*** Opening Extracted entries ***

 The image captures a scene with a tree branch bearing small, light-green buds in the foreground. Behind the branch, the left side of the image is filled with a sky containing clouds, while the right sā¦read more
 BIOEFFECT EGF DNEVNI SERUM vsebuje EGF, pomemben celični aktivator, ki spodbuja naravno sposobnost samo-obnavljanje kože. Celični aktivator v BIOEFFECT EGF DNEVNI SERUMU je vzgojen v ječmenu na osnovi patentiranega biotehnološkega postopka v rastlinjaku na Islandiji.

*** Closing Extracted entries ***
*** Opening Extracted entries ***

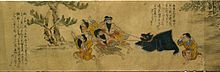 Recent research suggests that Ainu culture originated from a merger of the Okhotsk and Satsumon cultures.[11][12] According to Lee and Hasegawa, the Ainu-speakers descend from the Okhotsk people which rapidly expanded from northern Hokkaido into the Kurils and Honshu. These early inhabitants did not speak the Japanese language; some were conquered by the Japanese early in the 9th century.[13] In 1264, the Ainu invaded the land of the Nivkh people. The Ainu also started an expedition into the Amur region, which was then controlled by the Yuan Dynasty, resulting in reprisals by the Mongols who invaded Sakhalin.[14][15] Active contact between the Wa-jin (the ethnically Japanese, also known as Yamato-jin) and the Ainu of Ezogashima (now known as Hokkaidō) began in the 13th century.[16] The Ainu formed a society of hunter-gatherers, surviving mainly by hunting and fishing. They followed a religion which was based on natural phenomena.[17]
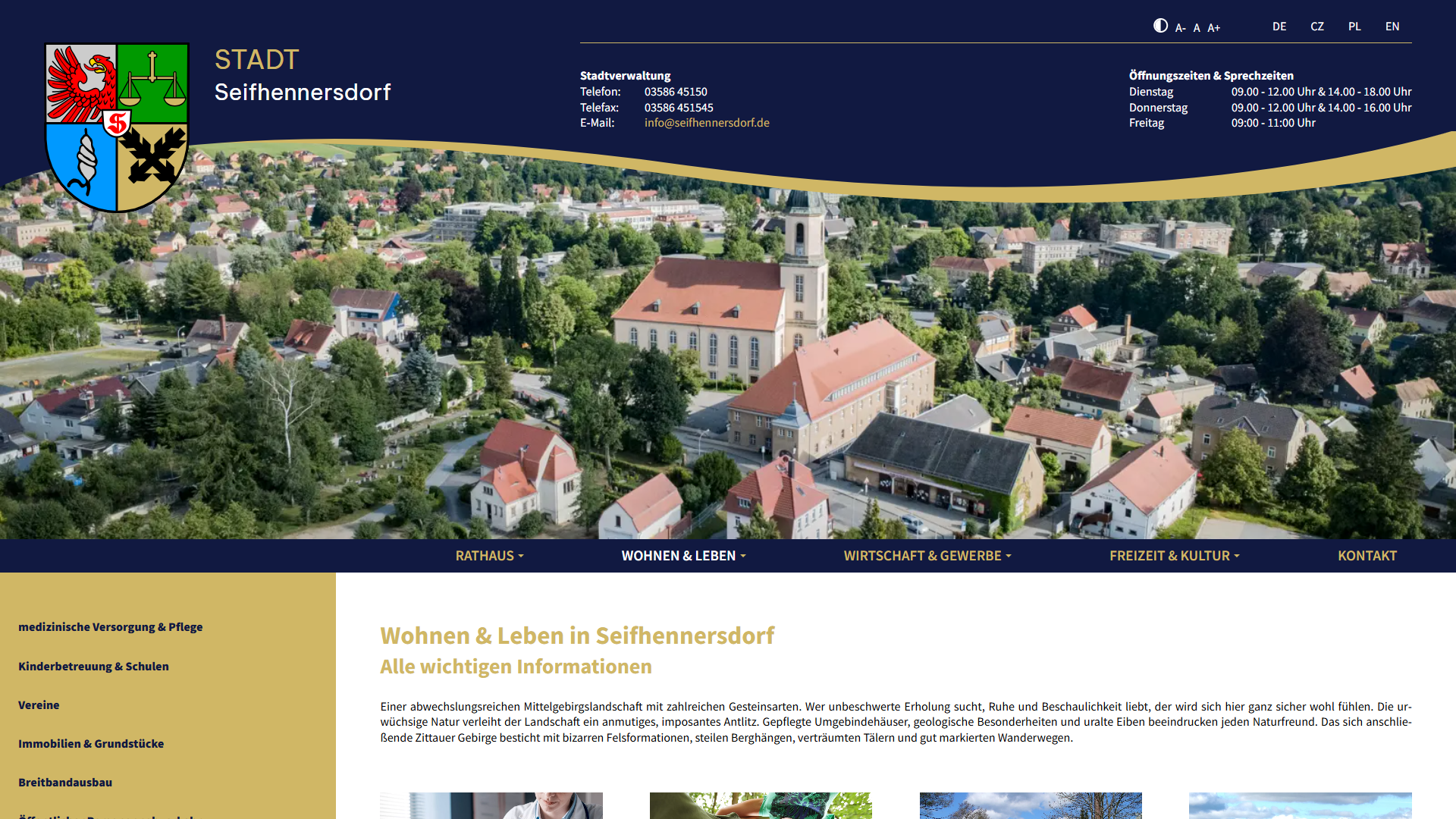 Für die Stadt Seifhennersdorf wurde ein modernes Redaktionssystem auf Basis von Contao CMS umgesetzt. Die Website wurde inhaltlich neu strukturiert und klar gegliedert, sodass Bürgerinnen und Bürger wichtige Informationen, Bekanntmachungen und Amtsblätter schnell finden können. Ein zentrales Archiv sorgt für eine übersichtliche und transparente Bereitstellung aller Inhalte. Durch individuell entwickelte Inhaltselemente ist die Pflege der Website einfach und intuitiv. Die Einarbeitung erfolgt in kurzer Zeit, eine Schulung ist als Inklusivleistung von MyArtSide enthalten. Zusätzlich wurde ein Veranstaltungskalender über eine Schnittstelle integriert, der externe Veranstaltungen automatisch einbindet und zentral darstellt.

*** Closing Extracted entries ***

**Task:** Set down, exactly as written above, each line from the one with "Recent research suggests" through the one with "Für die Stadt", and skip the pictures.

**The answer:**
 Recent research suggests that Ainu culture originated from a merger of the Okhotsk and Satsumon cultures.[11][12] According to Lee and Hasegawa, the Ainu-speakers descend from the Okhotsk people which rapidly expanded from northern Hokkaido into the Kurils and Honshu. These early inhabitants did not speak the Japanese language; some were conquered by the Japanese early in the 9th century.[13] In 1264, the Ainu invaded the land of the Nivkh people. The Ainu also started an expedition into the Amur region, which was then controlled by the Yuan Dynasty, resulting in reprisals by the Mongols who invaded Sakhalin.[14][15] Active contact between the Wa-jin (the ethnically Japanese, also known as Yamato-jin) and the Ainu of Ezogashima (now known as Hokkaidō) began in the 13th century.[16] The Ainu formed a society of hunter-gatherers, surviving mainly by hunting and fishing. They followed a religion which was based on natural phenomena.[17]
 Für die Stadt Seifhennersdorf wurde ein modernes Redaktionssystem auf Basis von Contao CMS umgesetzt. Die Website wurde inhaltlich neu strukturiert und klar gegliedert, sodass Bürgerinnen und Bürger wichtige Informationen, Bekanntmachungen und Amtsblätter schnell finden können. Ein zentrales Archiv sorgt für eine übersichtliche und transparente Bereitstellung aller Inhalte. Durch individuell entwickelte Inhaltselemente ist die Pflege der Website einfach und intuitiv. Die Einarbeitung erfolgt in kurzer Zeit, eine Schulung ist als Inklusivleistung von MyArtSide enthalten. Zusätzlich wurde ein Veranstaltungskalender über eine Schnittstelle integriert, der externe Veranstaltungen automatisch einbindet und zentral darstellt.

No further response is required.